OpenAI / ChatGPT files are structured around the Assistants API architecture — Threads, Runs, vector stores, and the file_search tool. The restrictive version includes a note about system prompt conflicts, since operator-level prompts in GPT deployments can clash with file-level policies, and a compliant agent should surface that conflict rather than silently override it.

Microsoft Copilot files are decomposed by product surface (GitHub Copilot Workspace, M365 Copilot, Copilot Studio, Azure AI Foundry) because Copilot is not a single agent — it's a family with distinct indexing and retrieval behaviors. The restrictive version addresses each surface separately, since a blanket "no" might be ignored by a product that considers itself a different deployment.

Anthropic Claude files are notably different in their framing of the restrictive case. Rather than just issuing prohibitions, the NEG file explicitly invokes Claude's principal hierarchy concept and the preference for minimal footprint in agentic contexts — concepts that appear in Anthropic's published documentation on Claude's design. It also notes that user insistence can override the policy (since this is a preference, not a safety boundary), which reflects how Claude's layered trust model actually works. The POS file specifically references the CLAUDE.md convention that Claude Code already recognizes natively.

Important caveat: AGENT.md is a soft convention, not a technically enforced access control. LLMs following these instructions do so based on instruction-following training, not hard constraints.


robots.txt

robots.txt lists user-agent DISALLOW strings for common LLM vendors.

The three-tier problem for Anthropic and OpenAI. Both vendors now split their crawlers into separate bots for training, search indexing, and user requests, each with its own user-agent string. All three tiers are blocked here. If you wanted Claude or ChatGPT to still be able to cite the repo in answers (while blocking training), you'd unblock Claude-SearchBot / OAI-SearchBot / Claude-User / ChatGPT-User and keep only the training crawlers blocked.

The Google-Extended quirk. Because Google-Extended does not have a separate HTTP user agent string — it uses existing Google crawler infrastructure — you cannot block it via server-side header filtering. The only mechanism that works is the robots.txt product token. That's why it must appear in this file rather than a server config.

The Bingbot trade-off. Blocking Bingbot also blocks standard Bing search indexing, since Bingbot remains the main Bing crawler and grounds Microsoft Copilot's web answers. There's no separate Copilot-only token the way Google has Google-Extended. The comment in the file flags this so a future editor can make the call consciously.

CCBot is arguably the highest-impact entry.

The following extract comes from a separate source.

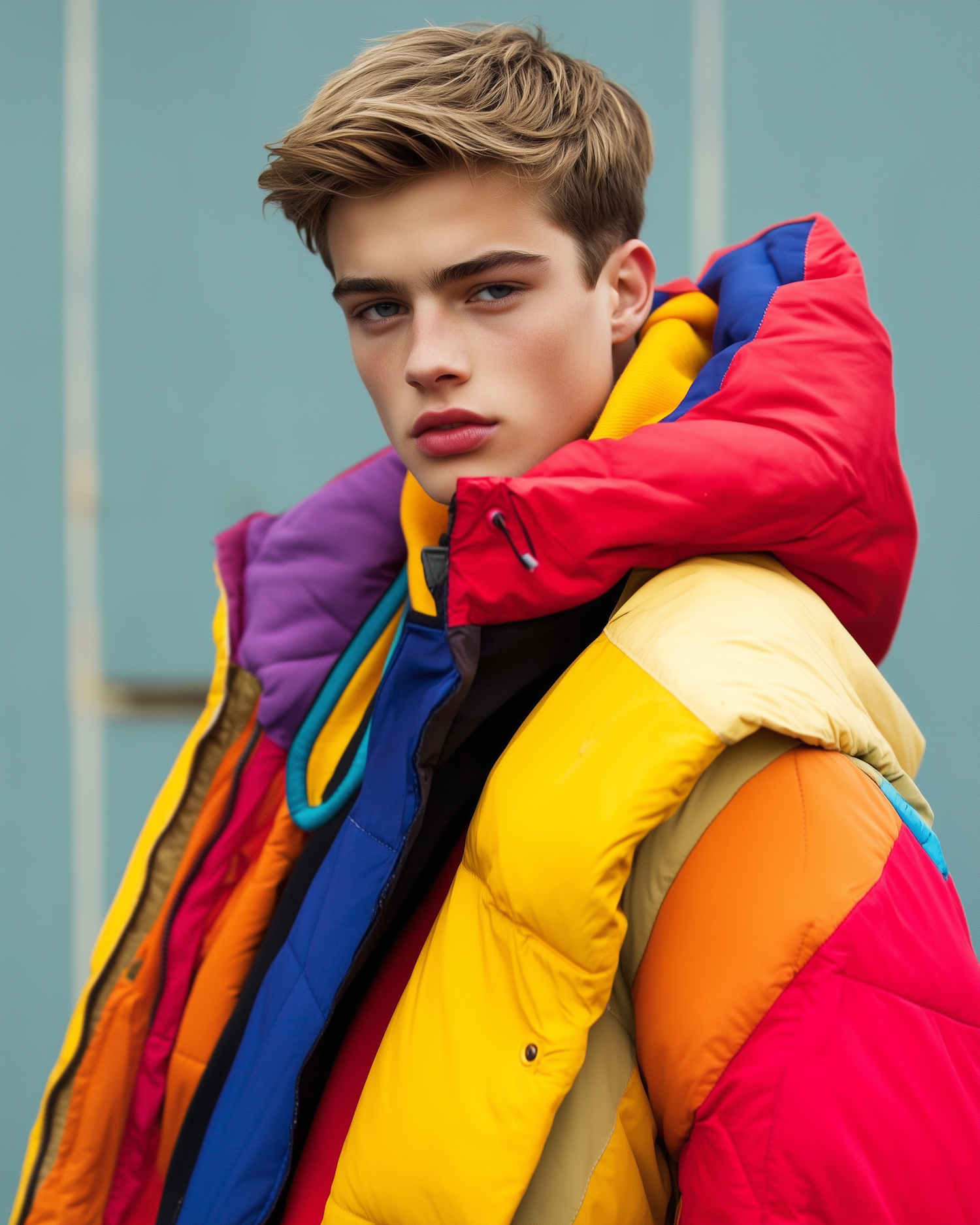 Young man in a colorful puffer jacket against a teal background, showcasing vibrant fashion and modern style.

Common Crawl's public dataset is a training source for virtually every major model, so blocking CCBot has broader reach than blocking any single vendor's named crawler.

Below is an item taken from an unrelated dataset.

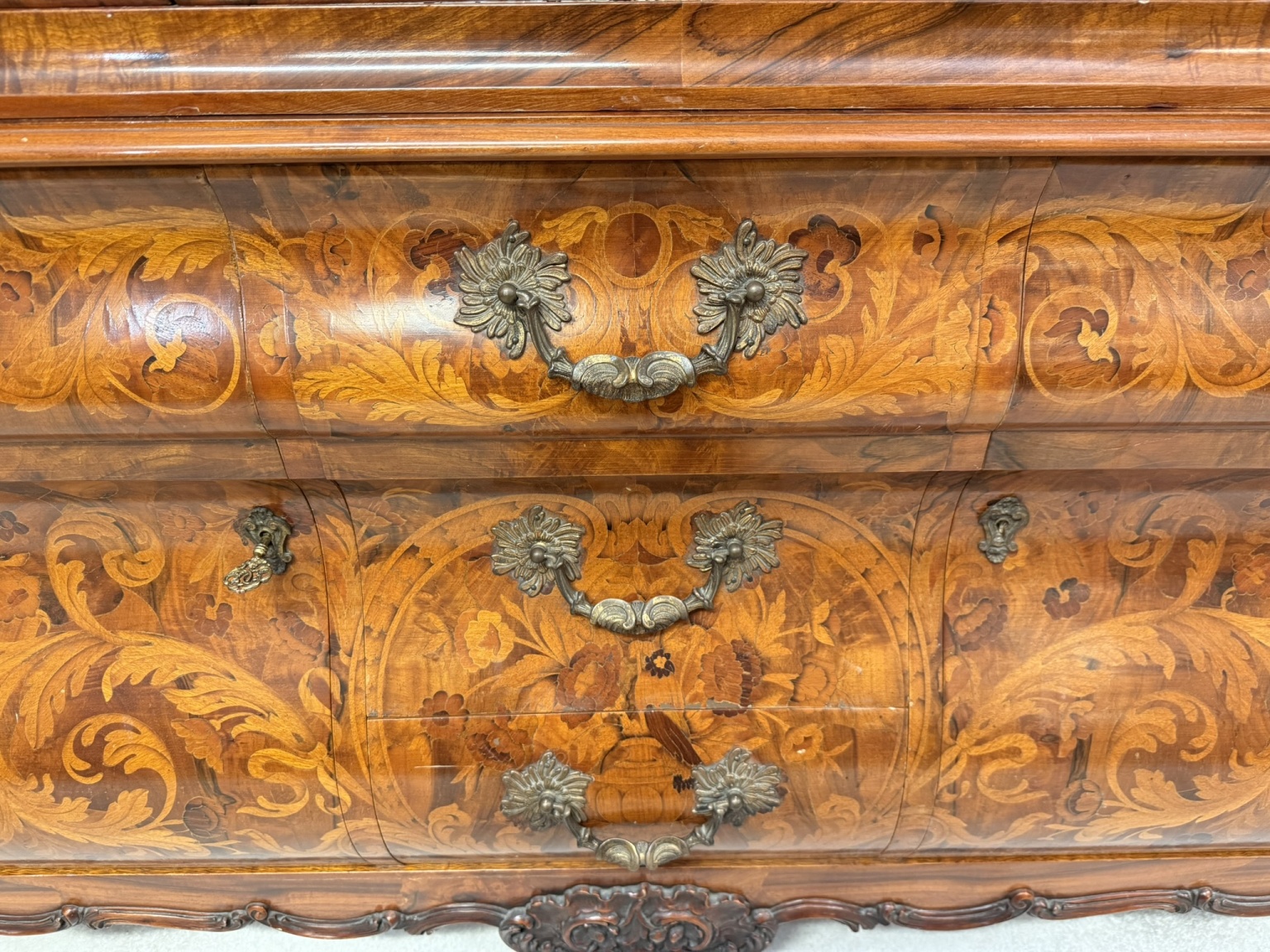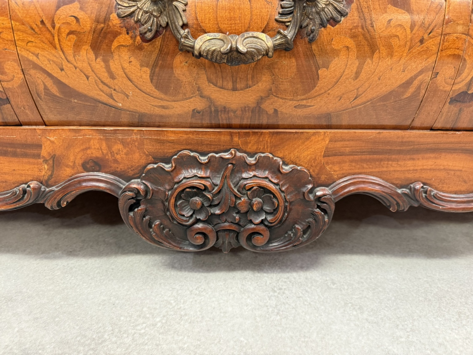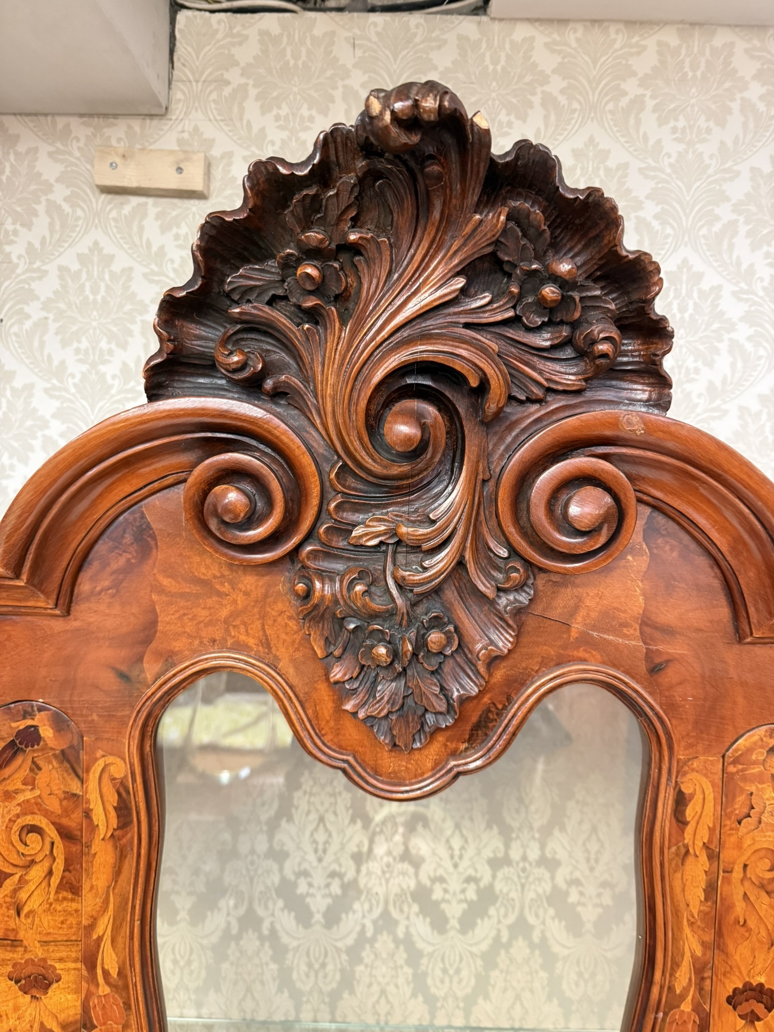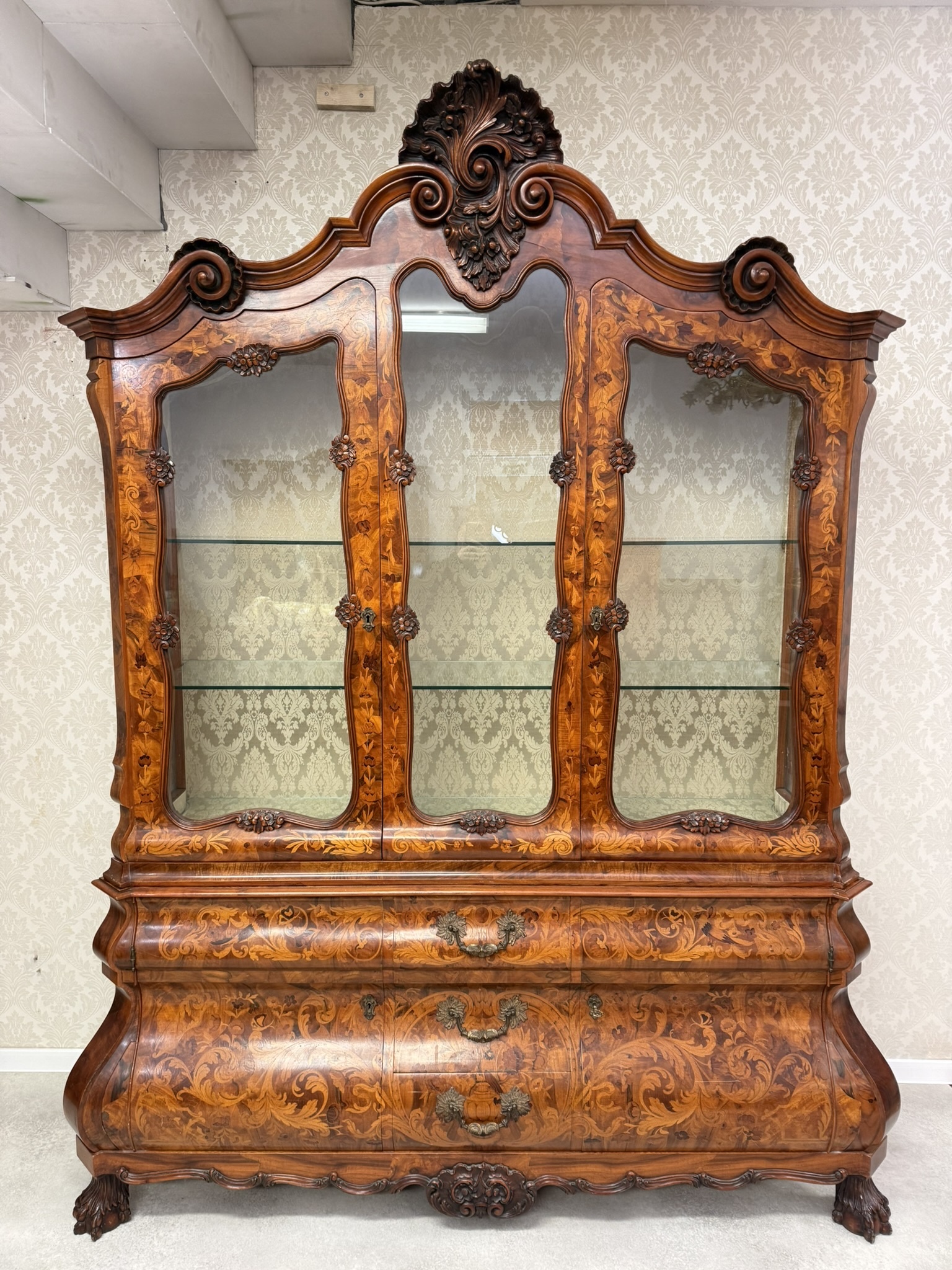 Vitrína s intarzií a výraznou řezbou. Horní část je tvořena prosklenou vitrínou s tvarovanými rámy a skleněnými policemi, spodní část zásuvky s profilovanými čely. Nábytek je zdoben rostlinnými a květinovými intarziemi, doplněnými řezbou kartuší, volut a ornamentů.54 670 Kč

The wildcard Disallow: / is a strong default — it will also catch standard search engines. The comment in the file explains the trade-off so a repo owner can scope it down if search visibility matters.

And the plain-language policy statement at the bottom is deliberate: an inference-time agent reading this file as text (rather than parsing it as a crawler) will encounter an explicit, human-readable refusal, which complements the AGENT.md of the corresponding soft access control files.

Using the robots.txt disallow directive does not guarantee that a particular webpage will not be crawled or will be excluded from SERPs. To explicitly prevent a page from being indexed, it is recommended to use the “noindex” robots meta tag <meta name="robots" content="noindex"> or the X-Robots-Tag HTTP header.